Portis, as well as the 40 other NFL players to invest, lost a combined $40 million when the scheme was shut down in 2012 due to state regulations. Rubin apologized for the scheme in an in interview with 60 Minutes last year.
‘If I can go back in time I wish I’d never set foot in Alabama,’ he told the program. ‘I’m sorry this happened. It’s been a disaster.
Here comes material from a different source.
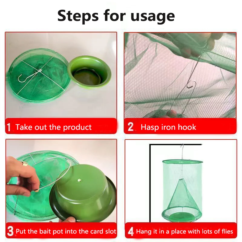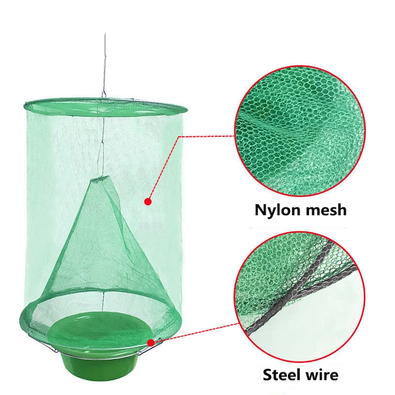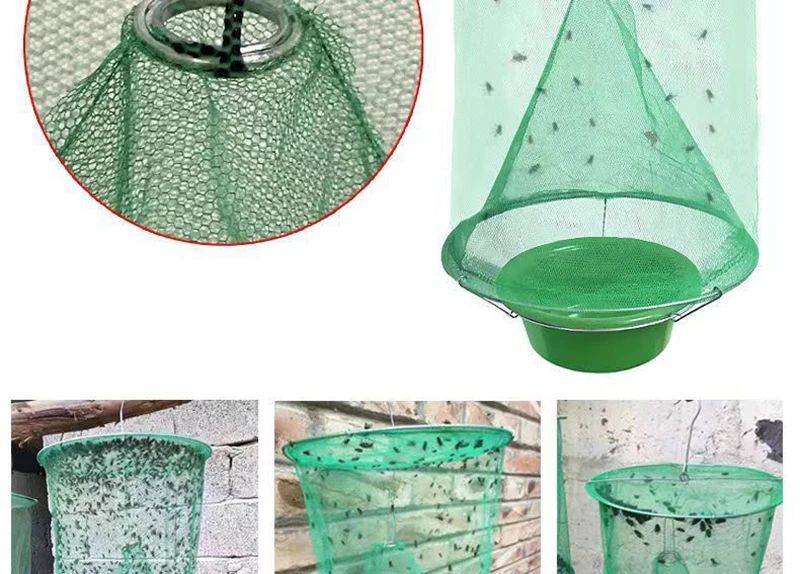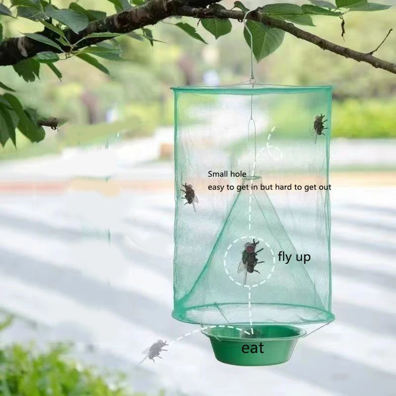 Fly Trap Outdoor Hanging Reusable Fly Catcher Folding Net Garden Insect Catcher Bait Station Cage Net Trap Pest Control Trap
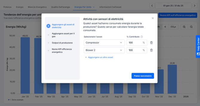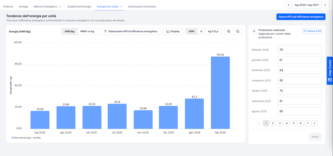 Monitora quanta energia consumano i tuoi asset per unità prodotta (es. kWh/kg) per identificare sprechi e ridurre i costi.

You know, that was my life.’
Portis also claimed in a lawsuit that Rubin’s company also opened an account for the NFL star at BankAtlantic with a forged signature.
The suit claimed it had led to withdrawals of more than $3.1 million without his knowledge.
He claims another adviser Jinesh Brahmbhatt – who was registered with the NFL Players Association – encouraged him to invest in a Ponzi scheme by Success Trade Securities.
Brahmbhatt and Rubin were later banned from securities trading, but didn’t face prosecution.
‘No jail time, no nothing,’ Portis told Sports Illustrated. ‘Living happily ever after.’
Portis has not revealed exactly how much of his fortune he lost.
Portis’ financial plight surfaced publicly in 2015 when he filed for bankruptcy after falling almost $5 million into debt. He said at the time he had just $150 in his bank account.
At the time he owed his mother $500,000, $390,000 in back taxes, more than $287,000 to the MGM Grand in Las Vegas and $170,000 to the Borgata Hotel, Casino and Spa in Atlantic City, New Jersey.
Portis told Sports Illustrated that an advisor had taken out a loan against his mother’s home without his consent.
He also owed $412,000 in domestic support payments to four different women.
He sold one of his six-bedroom homes in McLean, Virginia for $1.6 million in 2011. He bought the mansion in 2004 for $1.9 million.
Portis now lives modestly in a two-bedroom apartment in Virginia.
He has a number of jobs now, one of which is helping to cover the television broadcasts for the Redskins preseason games.
‘Most people would have offed themselves if they had to deal with what I had to deal with,’ he said. ‘Life is so much clearer after coming out of that storm.’